No volviste más. Durante el año y medio siguiente, continuaste forcejeando con jerséis, blusas y sostenes, seguiste besando y acariciando y luchando contra la vergüenza de eyaculaciones impropias, y luego, a los dieciocho, te las arreglaste para faltar los últimos dos meses al instituto, primero con un episodio de mononucleosis que te dejó sin fuerzas y postrado en cama durante la mayor parte del mes de mayo, y luego largándote a Europa en un buque de estudiantes tres semanas antes de terminar el preuniversitario. Las autoridades académicas te lo permitieron porque tenías buenas notas y ya te habían admitido en la universidad para el otoño, así que te marchaste, en el entendimiento de que volverías a principios de septiembre para presentarte a los exámenes finales y conseguir el título oficialmente. Viajar en avión era caro en 1965, pero en los barcos de estudiantes salía barato, y como te regías por un presupuesto muy ajustado (dinero ganado con los trabajos veraniegos de los dos últimos años), optaste por el buque
Aurelia
y una lenta travesía de nueve días de Nueva York a Le Havre.
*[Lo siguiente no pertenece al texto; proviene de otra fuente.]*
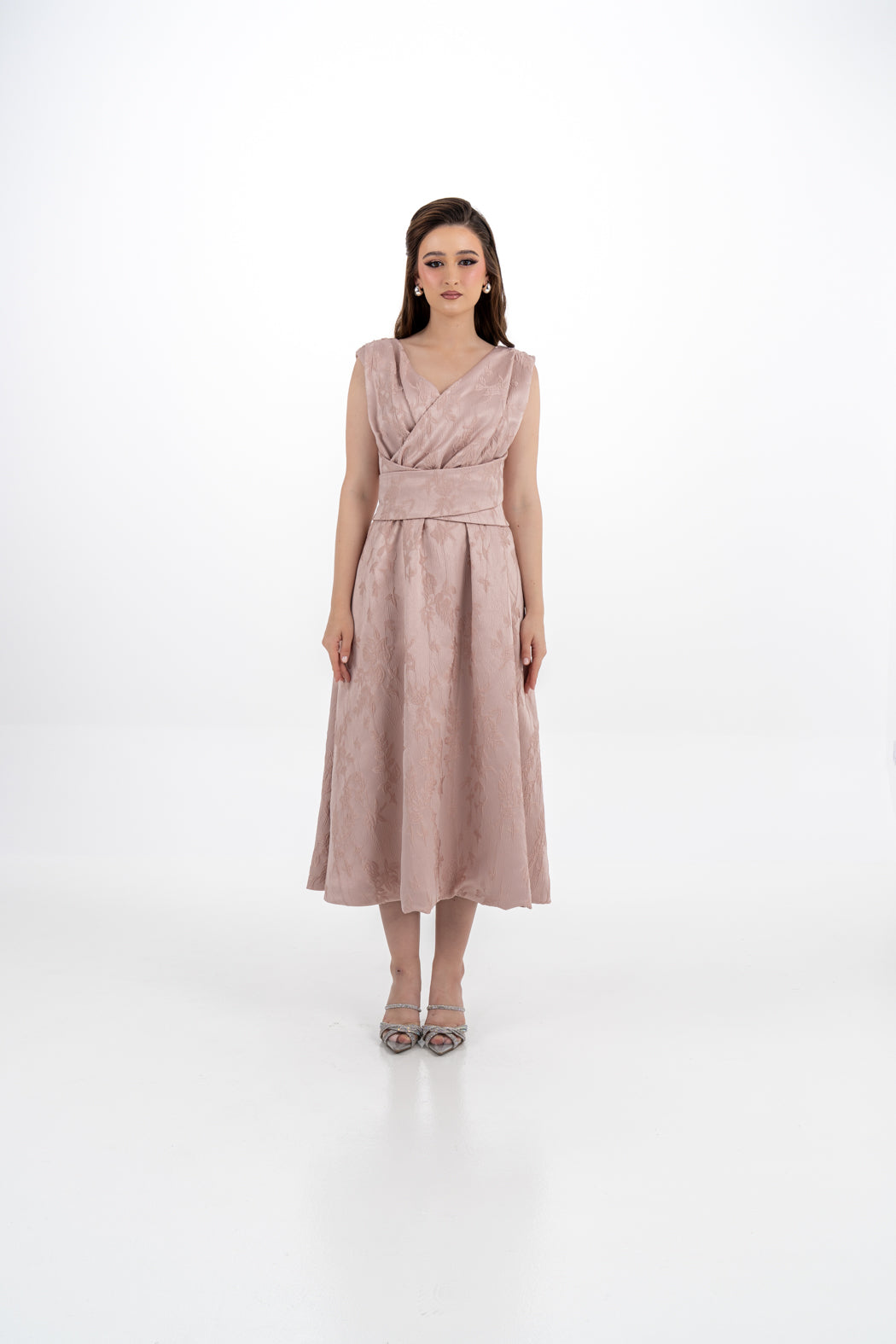 فستان أنيق وناعم التصميم، مصنوع من قماش بروكيد فاخر بنقشة جاكار زهرية ناعمة. يتميز بقصة صدر ملتفّة وياقة على شكل V، مع حزام عريض يحدد الخصر ويضفي لمسة أنثوية راقية. تنسدل التنورة بقصة A لتمنحك إطلالة انسيابية ومفعمة بالأنوثة، بطول يصل إلى منتصف الساق.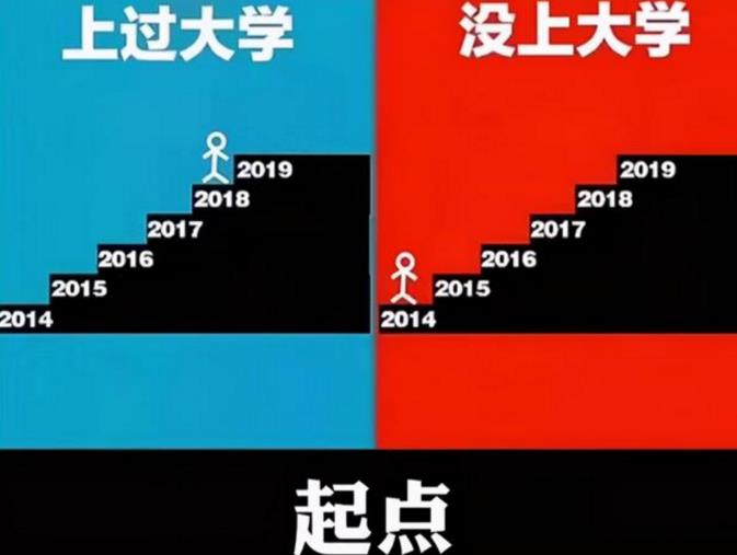 图四:起点不同,早进入社会早受累 没上过大学的孩子,大多初中或高中辍学就进入社会打工了,见惯了人情冷暖,遭受了很多苦累,人也变得世故化。 而上过大学的孩子,最小的进入社会也都22岁了,少受了2-3年的罪,对人生充满激情和希望,且又如同一张白纸,无论进入哪个行业都可以添加绚烂的色彩。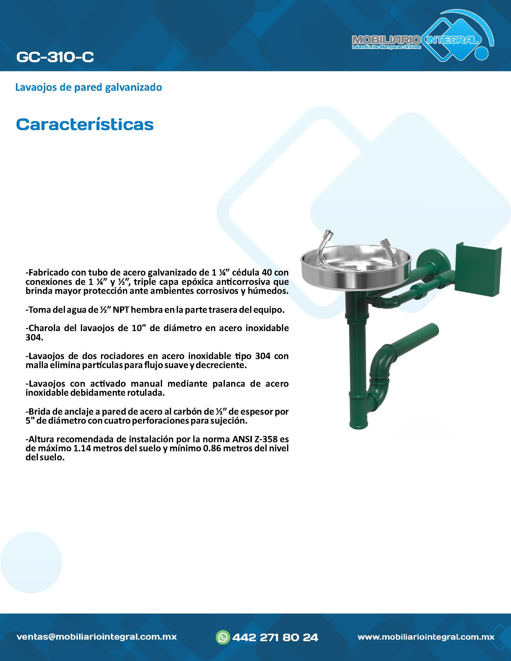 GC-310-C Lavaojos de pared galvanizado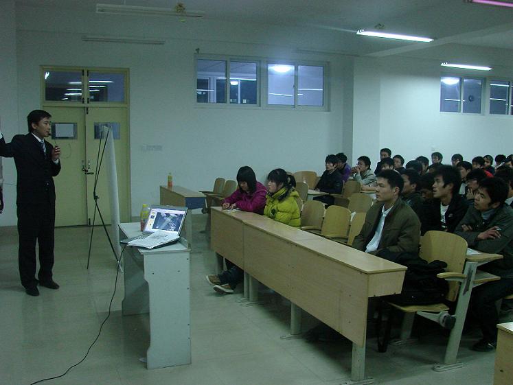 晚上7点讲座正式开始。首先由合尔的老师向在场的学生客观的分析了当前的就业形势,指出目前就业形势艰难,大学生更应该对就业做出科学理性的规划。随后,老师针对同学的就业规划提出了相关的意见,告诫同学们在努力学习的同时,要积极参与社会实践,并对自己的就业做出理性的规划,才会使人生收获赢在起点的喜悦。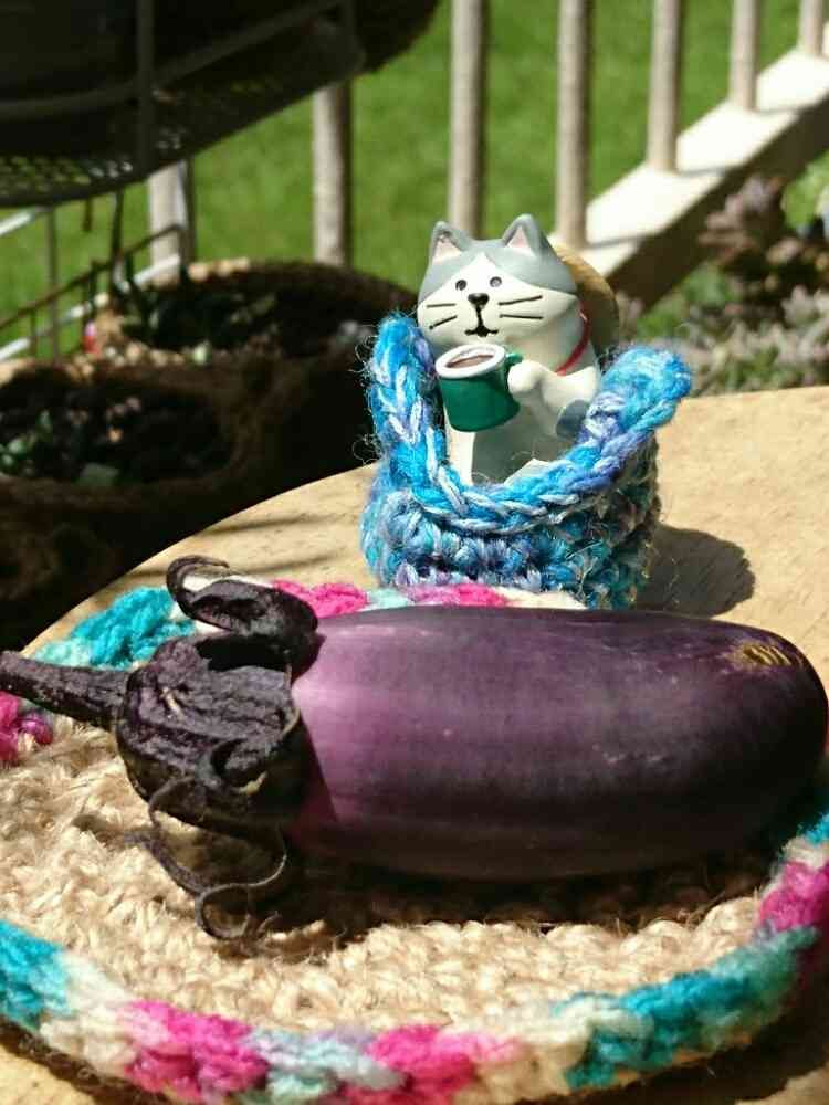 ベランダの茄子の一個目👀コーヒー☕で祝う🐱ちゃん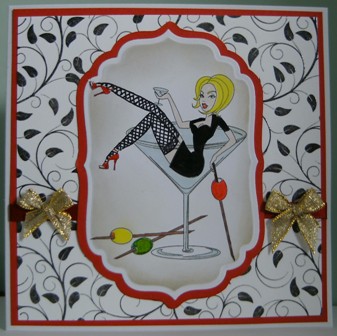 This card is a picture that I managed to make in CAP, my first one, but I found it too fiddly to cut out as a decoupage -- just too many spindly legs. I decided to laminate it and found that I could cut it out without having to leave a border, they say one learns something new every day.
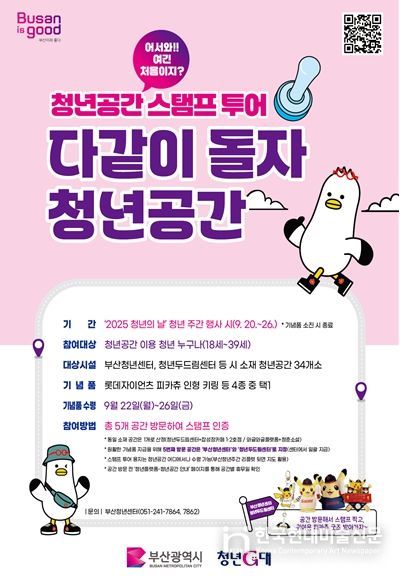 한국현대미술신문 정소영 기자 | 부산시는 청년의 날(9월 20일)을 맞아, 오는 9월 20일부터 26일까지 부산청년주간 동안 '청년공간 스탬프 투어 – 다같이 돌자, 청년공간'을 운영한다고 밝혔다.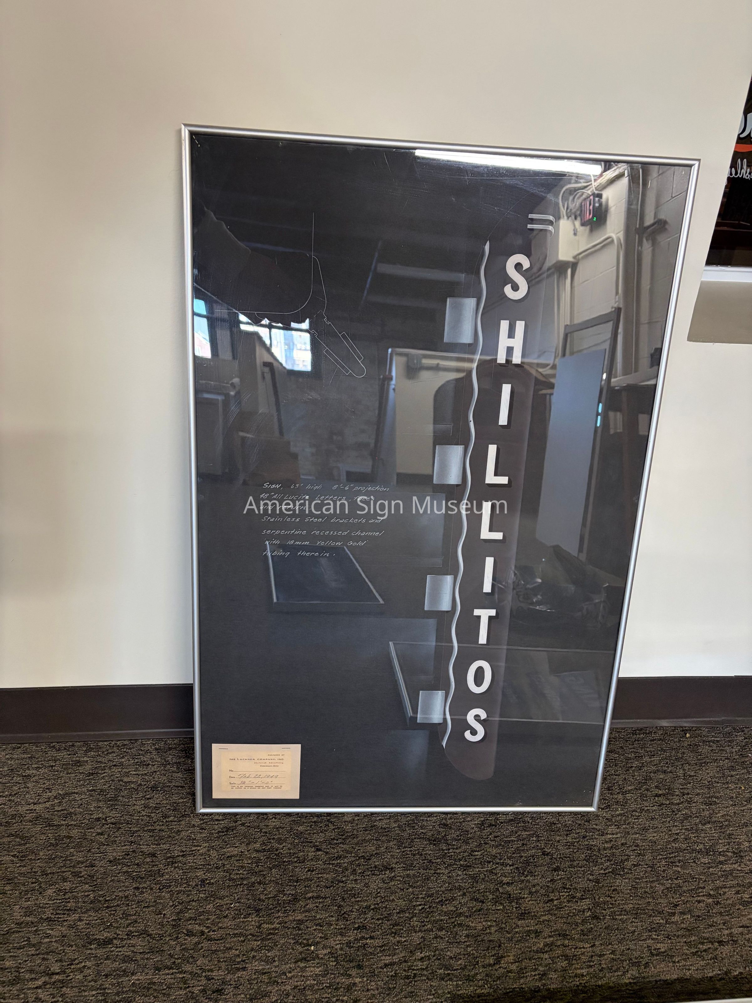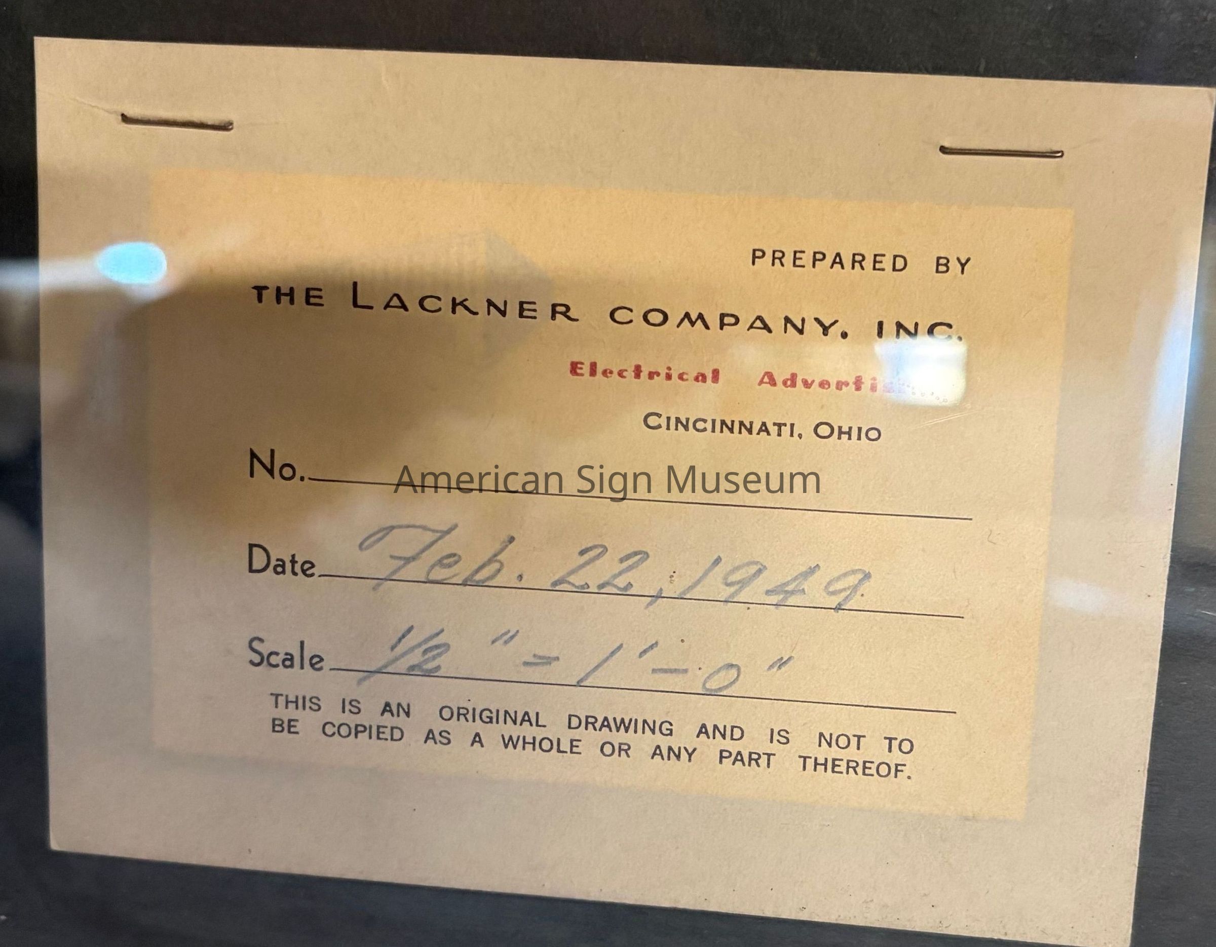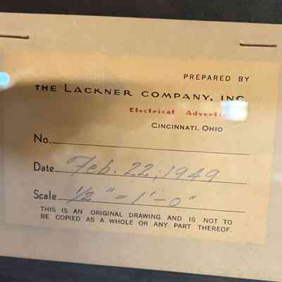 Prepared by; The Lackner Company, Inc; Electrical Advertising; Cincinnati, Ohio; No.; Date Feb. 22, 1949; Scale 1/2" = 1' - 0"; This is an Original Drawing and Is Not To Be Copied As A Whole or Any Part Thereof.Material/Technique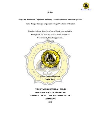 BIANTORO, LINDA CHANDRA (2012) Pengaruh Komitmen Organisasi terhadap Turnover Intention melalui Kepuasan Kerja dengan Budaya Organisasi Sebagai Variabel Anteseden. Other thesis, Prodi Akuntansi Unika Soegijapranata.
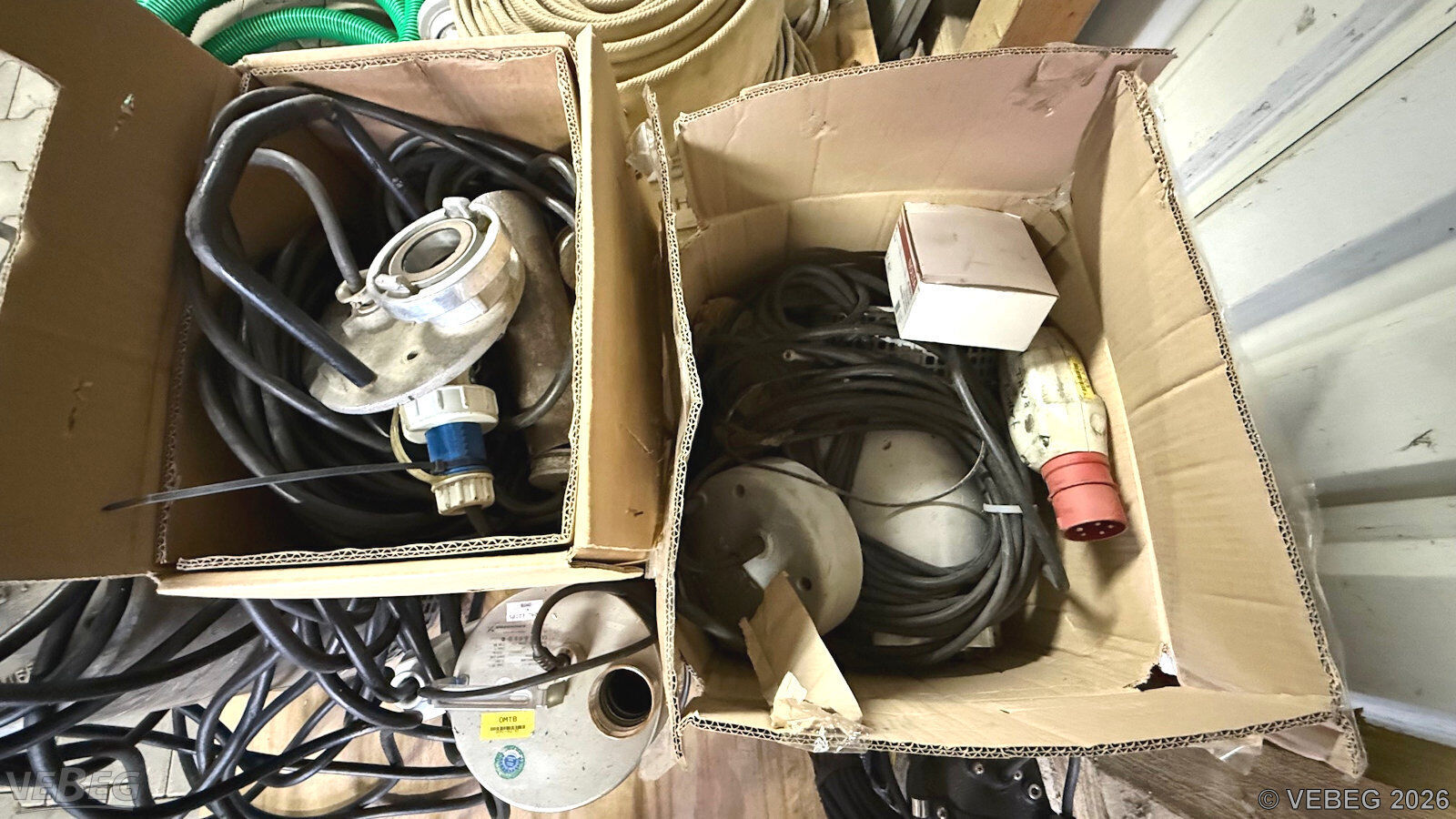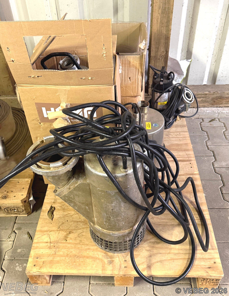 5 Tauchpumpen 400 - 2.000 l/min, defekt; 7 Druckschläuche B, 1 Saugschlauch B.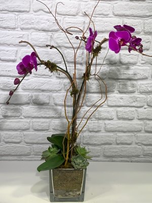 This looks nothing like the picture on the website. Base and arrangement are so much smaller. This looks like something I normally pick up at Jewel. This is the first time I have ordered from Ashland Addison and have been disappointed.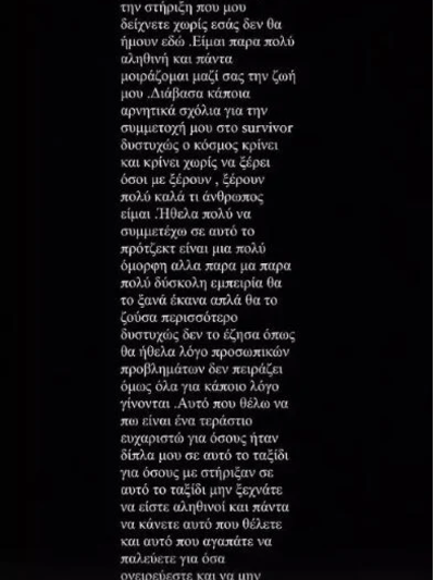 «Είμαι πάρα πολύ ευγνώμων για όλη αυτή την αγάπη και την στήριξη που μου δείχνετε, χωρίς εσάς δεν θα ήμουν εδώ. Είμαι πάρα πολύ αληθινή και πάντα μοιράζομαι μαζί σας την ζωή μου. Διάβασα κάποια αρνητικά σχόλια για την συμμετοχή μου στο Survivor. Δυστυχώς, ο κόσμος κρίνει και κρίνει χωρίς να ξέρει. Όσοι με ξέρουν, ξέρουν πολύ καλά τι άνθρωπος είμαι» αναφέρει.

A bordo iban aproximadamente trescientos estudiantes, la mayoría de los cuales ya había cursado uno o dos años de universidad, lo que significa que eran algo mayores que tú, y como los demás pasajeros y tú poco o nada teníais que hacer mientras avanzabais lentamente por el Atlántico aparte de pasar el tiempo durmiendo, comiendo, leyendo y viendo películas, era muy lógico, enteramente inevitable te parece ahora, que los pensamientos de los trescientos jóvenes de edades entre dieciocho y veintiún años girasen principalmente en torno a la cuestión sexual. La monotonía y la proximidad, la languidez de una travesía oceánica con buen tiempo, el entendimiento de que el barco era un mundo en sí mismo y nada de lo que allí ocurriera iba a tener consecuencias duraderas: todos esos elementos se combinaron para crear un ambiente de naturalidad sensual sin reservas. Los escarceos empezaron antes de que se pusiera el sol el primer día, y continuaron hasta que el buque tocó tierra doscientas horas después. Era un palacio flotante de fornicación perdido en alta mar, con gente entrando y saliendo sigilosamente de oscuros camarotes, chicos y chicas cambiando de pareja de un día para otro, y por dos veces durante la travesía te fuiste acompañado a la cama, cada vez con una muchacha simpática e inteligente, no muy distintas las dos de las chicas decentes con las que habías crecido en Nueva Jersey, pero aquéllas eran de Nueva York, y por tanto más refinadas, con más experiencia que las vírgenes de tu ciudad que te apartaban la mano de un guantazo, y como existía una fuerte atracción por ambas partes, en el primer caso entre Renée y tú, en el segundo entre Janet y tú, no había el más mínimo reparo en desnudarse, meterse entre las sábanas y hacer el amor de una forma que no había sido posible en el triste apartamento del Upper West Side, con besos, caricias y verdadero sentimiento formando ahora parte de la aventura, y ése fue el gran avance, tu iniciación al placer con parejas diferentes que participaban en la misma medida en los placeres de unas relaciones íntimas prolongadas. Aún había mucho que aprender, por supuesto. En aquel momento no eras más que un principiante, pero al menos estabas en marcha, por lo menos habías descubierto cuánto te quedaba aún por desear.